Barcelona -y cuando digo Barcelona hablo también de su cinturón industrial, de Benidorm, de Palma- se había convertido en la patria de promisión y aquel año, último de tres de catastróficas cosechas, en la gota que colmó el vaso y empujó a miles de paisanos a tomar la decisión más dura que se puede tomar: Abandonar el lugar en el que has nacido y te has criado. Fueron duros, muy duros aquellos años para quienes se vieron forzados a huir, jornadas de catorce horas, ausencia de vacaciones, infraviviendas en los cinturones industriales, pero por fin habían dejado de depender del señorito, del cacique de turno, dueño de sus vidas, su trabajo y su dignidad. Fue duro, muy duro, la gran burguesía catalana ha sido, y es, una de las más crueles de España, no obstante financió y apoyó con toda su alma el golpe de Estado y la posterior dictadura franquista, empero, Barcelona era la tierra de la huelga de La Canadiense, aquella que gracias a la heroicidad y la tenacidad de los trabajadores catalanes logró que se impusiera en todo el Estado la jornada de ocho horas. Pasó el tiempo, llegó la democracia, y la mayoría prosperó hasta el punto de poder comprar casa, coche y tener unos ahorros para el añorado momento del regreso. Muchos volvieron cuando peinaron abundantes canas, la mayoría sólo en vacaciones para ver cómo eran sus raíces e intentar que sus hijos y nietos también supieran de ellas.
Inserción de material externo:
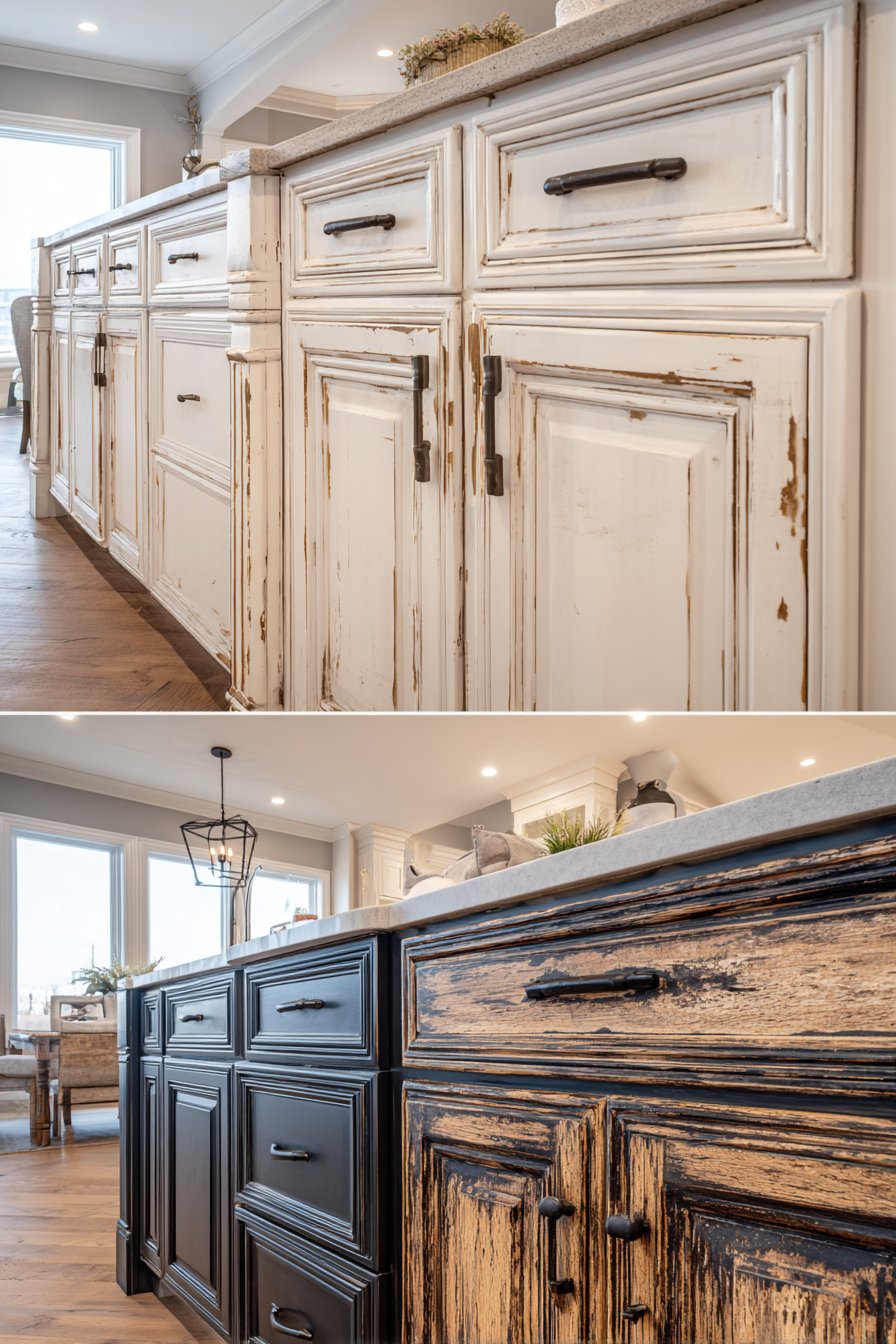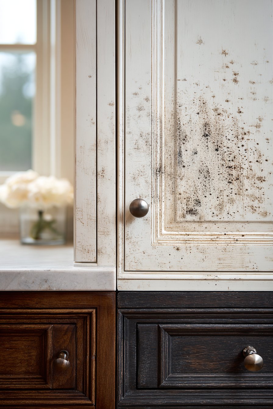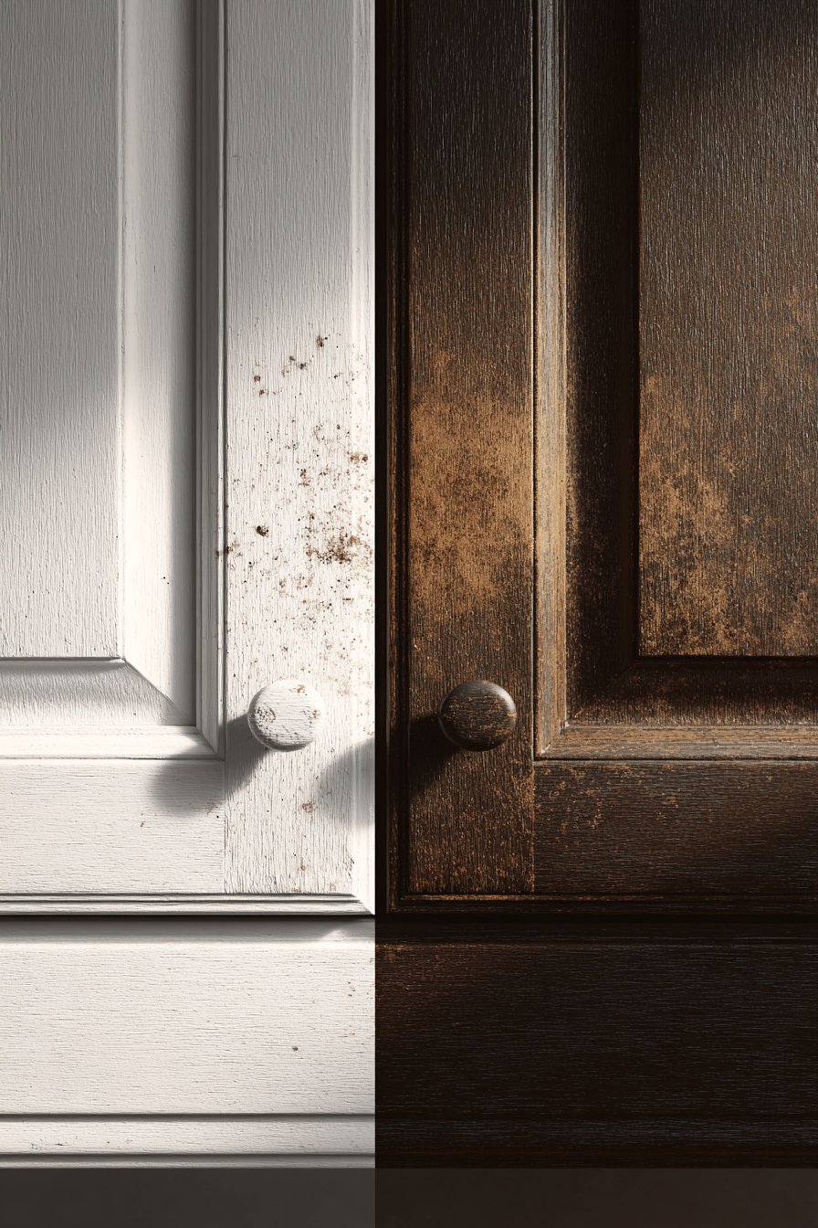 Dark cabinets reveal wear through finish deterioration rather than color change. Scratches and chips become highly visible as they expose lighter wood or substrate beneath. The protective topcoat on dark cabinets shows wear patterns more obviously than on white surfaces. However, dark stains rarely yellow, maintaining their intended color for decades with proper care.

Entre tanto, mi padre, lector empedernido bueno y sabio, devoraba libros prohibidos que le proporcionaba un viejo librero de Murcia a través de una clandestina librería de Barcelona. ¡Maravillosos libros de Losada!! ¡¡Necesarios libros de Bruguera y Seix Barral!! Y supe quién era Salvador Espriu, y quién Carles Riba, y Joan Maragall, y Joan Brossa, y Gil de Biedma, y Juan Eduardo Cirlot y Joan Margarit, pero también quién Pablo Neruda, García Márquez, Juan Rulfo, César Vallejo, Fonollosa, los hermanos Goytisolo, Vázquez Montalbán, Eduardo Mendoza y Juan Marsé. Por ellos después, antes de la muerte del tirano, llegué a la nova cançò y las bellísimas canciones de Lluis Llach se convirtieron en mi verdadero himno nacional. Emigración y cultura se aunaron para que Catalunya, desde antes de los quince años, figurase en mi educación sentimental como una tierra a la que quise y quiero tanto como a la que me vio nacer. No ocultaré que no quiero a mi tierra porque en ella viese la luz por primera vez, sino porque es la de mis ancestros y es hermosa, tampoco que el nacionalismo, cualquier nacionalismo, cualquier bandera, cualquier patriotismo me crea urticaria y náusea, pero sé lo que debo y a Catalunya le debo tanto como la amo en el sentido más estricto de la palabra. Son mentira todas las amenazas que la derecha troglodita lanza sobre una futura Catalunya independiente: Catalunya estará en la Unión Europea y en todos los organismos internacionales, tendrá euro y compartirá con todos la desdicha de pertenecer a esos organismos, tener esa moneda y someterse a los dicterios del FMI. Probablemente, pese a eso, sea un Estado próspero y desigual como lo son casi todos los que hoy conocemos, pero eso son futuribles que no estoy en condiciones de afirmar ni negar, lo que sí puedo decir con toda la rotundidad de mi sentir y mi pensar, es que sin Catalunya todos los sueños se habrán roto, que muchísimos quedaremos huérfanos porque el motor que nos puede llevar a todos hacia el progreso, la justicia y la libertad sigue residiendo en Catalunya. Por eso, si algún día, los catalanes deciden que Catalunya sea un Estado independiente, quien esto escribe sentirá un dolor insuperable que sólo se mitigará el día en que -liberados todos del yugo cazurro-franquista- decidan que volvamos a caminar juntos. Amo a Catalunya, sin más.